Cochrane R A, Davies E L, Singhal H, Sweetland H M, Webster D J, Monypenny I J, Lyons K, Mansel R E
University Department of Surgery, University Hospital of Wales, UK. The Cardiff Breast Group.
Eur J Surg Oncol. 1999 Jun;25(3):251-4. doi: 10.1053/ejso.1998.0636.
When the National Breast Referral Guidelines were applied to our local GPs letters immediately prior to their release in January 1996, it was shown that on the basis of the GPs own conclusions that 29% of symptomatic women could have been managed initially by their own GP without missing any carcinomas. We conducted this study at the Rapid Access Breast Clinic at the University Hospital of Wales to determine if the breast referral practices of local GPs have altered due to the breast referral guidelines.
We studied 2332 referrals from the inception of the Rapid Access Clinic in May 1995 to the issue of the guidelines, and 2421 referrals from May 1996 to the end of the year. Random samples of 600 patients were drawn from each year and the referral letters were scored as within or outside the guidelines. Family history patients were excluded.
There was an 11% fall in referrals outside the guidelines in the under 50s (chi-squared=<0.001) but the 7% fall in the over 50s was not significant.

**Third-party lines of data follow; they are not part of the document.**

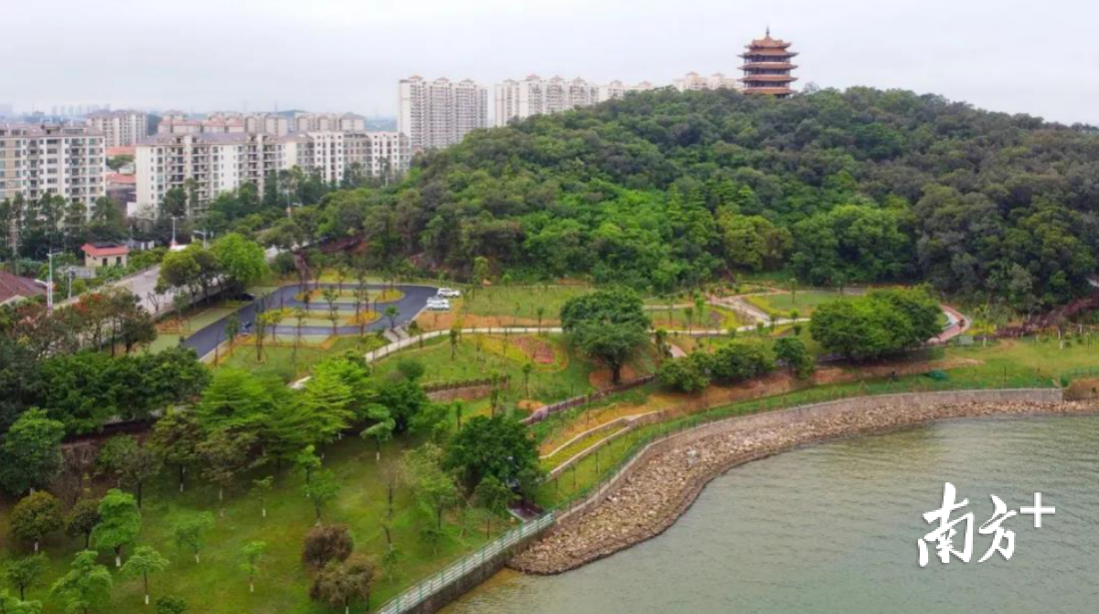 经过升级改造后,这条滨江绿化带沿着东江企石段蜿蜒而行,串联生态修复花园、黄大仙公园、水资源科普教育园、东江金海岸体育长廊、滨江休闲东江(企石段)区段花园等节点,众多景观一通到底,处处绿意盎然。
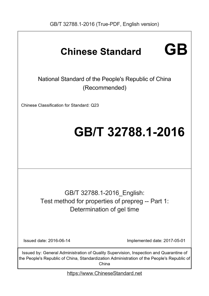 Delivery: <= 3 days. True-PDF full-copy in English will be manually translated and delivered via email. GB/T 32788.1-2016: Test method for properties of prepreg -- Part 1: Determination of gel time Status: Valid
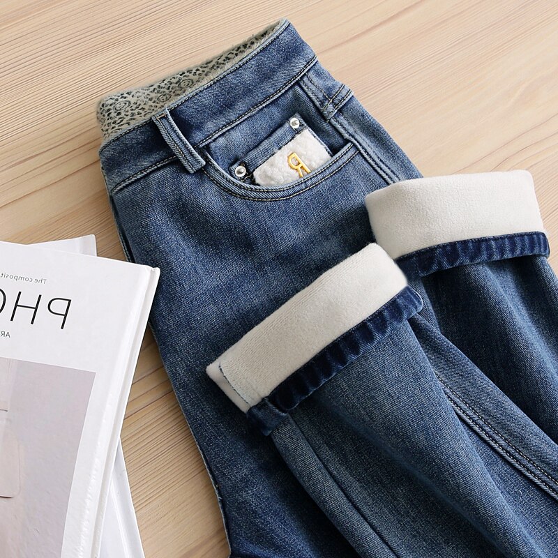 Зимние ретро демисезонные прямые свободные джинсы, утепленные штаны, французский стиль, подходит для подростков, популярно в интернете

The Breast Referral Guidelines seem to have been effective in reducing the higher level of inappropriate referrals in younger patients at less risk of carcinoma.
在1996年1月国家乳腺转诊指南发布前夕,将其应用于我们当地全科医生(GP)的信件时发现,根据全科医生自己的结论,29%有症状的女性最初可由其自己的全科医生进行处理,而不会漏诊任何癌症。我们在威尔士大学医院的快速通道乳腺诊所开展了这项研究,以确定当地全科医生的乳腺转诊做法是否因乳腺转诊指南而发生了改变。
我们研究了从1995年5月快速通道诊所成立到指南发布期间的2332例转诊病例,以及1996年5月至当年年底的2421例转诊病例。每年从这些病例中随机抽取600例患者样本,并根据是否符合指南对转诊信件进行评分。有家族病史的患者被排除在外。
50岁以下不符合指南的转诊病例减少了11%(卡方检验,P<0.001),但50岁以上病例减少7%并不显著。
乳腺转诊指南似乎有效地减少了年轻患者中较高水平的不适当转诊,这些年轻患者患癌风险较低。